Competitive Intensity While routine testing faces price pressure from digital players, management notes that premium genomics and specialty tests require higher “trust” barriers.

Q&A Highlights

Genomics Strategy

  • Question: How will genomics contribute given high competition and low volumes? (Surya Narayan Patra)
  • Answer: Genomics is essential for oncology and neurology, the fastest-growing therapeutic areas. While gross margins on stand-alone tests are lower, they significantly increase EBITDA per patient when part of a battery of tests (Ameera Shah).

Margin Drivers

  • Question: What drove the 280 bps organic margin expansion? (Anshul Agrawal)
  • Answer: It was primarily material productivity and procurement efficiencies, not GST changes.
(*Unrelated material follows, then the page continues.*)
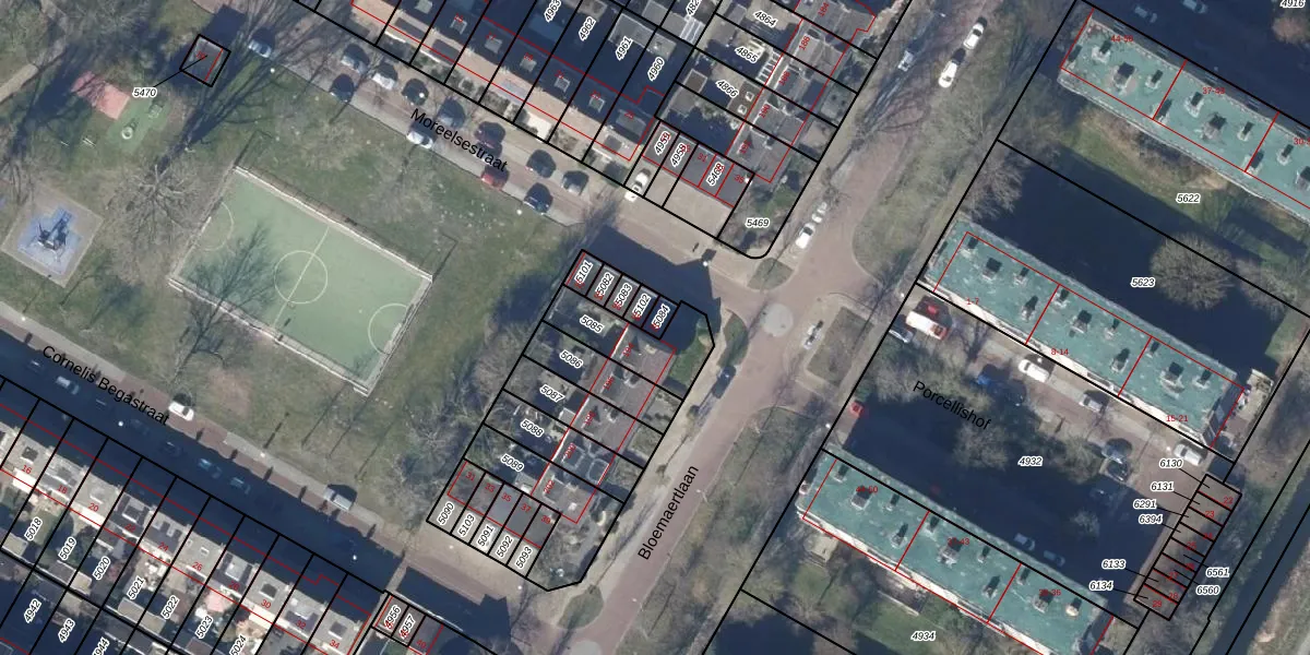 Het perceel waarop Moreelsestraat 40 staat heeft een oppervlakte van 20 m². Dit is een klein perceel. De perceeloppervlakte wordt geregistreerd door het Kadaster. Gedetailleerde informatie over de maten van dit perceel kunt u vinden in het rapport Kadastrale kaart met maatvoering van Moreelsestraat 40.

GST impact on reagents was marginal as some were already at 5% (Surendran Chemmenkotil).

Pricing and GST

  • Question: Will you increase prices given the current environment? (Shyam Srinivasan)
  • Answer: The market can absorb hikes, but we deferred the usual January price revision to observe the market and pass on GST benefits from reagent cost reductions (Surendran Chemmenkotil).

Radiology Foray

  • Question: What are the plans for the radiology segment? (Anshul Agrawal)
  • Answer: We are scaling low-end radiology (ECG, X-ray) across centers and exploring a pilot for high-end radiology to leverage brand trust with doctors (Ameera Shah).

Key Takeaway

Metropolis Healthcare delivered a robust Q3 FY26 with group revenue increasing 26% YoY to ₹405 crores, underpinned by 15% organic growth and the successful integration of North-based acquisitions. Despite Q3 being a seasonally soft quarter, the company maintained a strong 25.0% organic EBITDA margin through disciplined cost management and a strategic shift toward high-quality B2B partnerships. A material milestone was the insourcing of genomic testing in January 2026, which is projected to improve Core Diagnostics’ margins to high single digits in Q4. Strategically, the company is moving deeper into 750 towns via a franchisee-led model while rationalizing its lab footprint. With a net debt-free balance sheet and a 3:1 bonus issue announced, management remains confident in achieving the upper end of its 12-13% organic growth guidance for FY26 while maintaining a focus on high-complexity specialty diagnostics.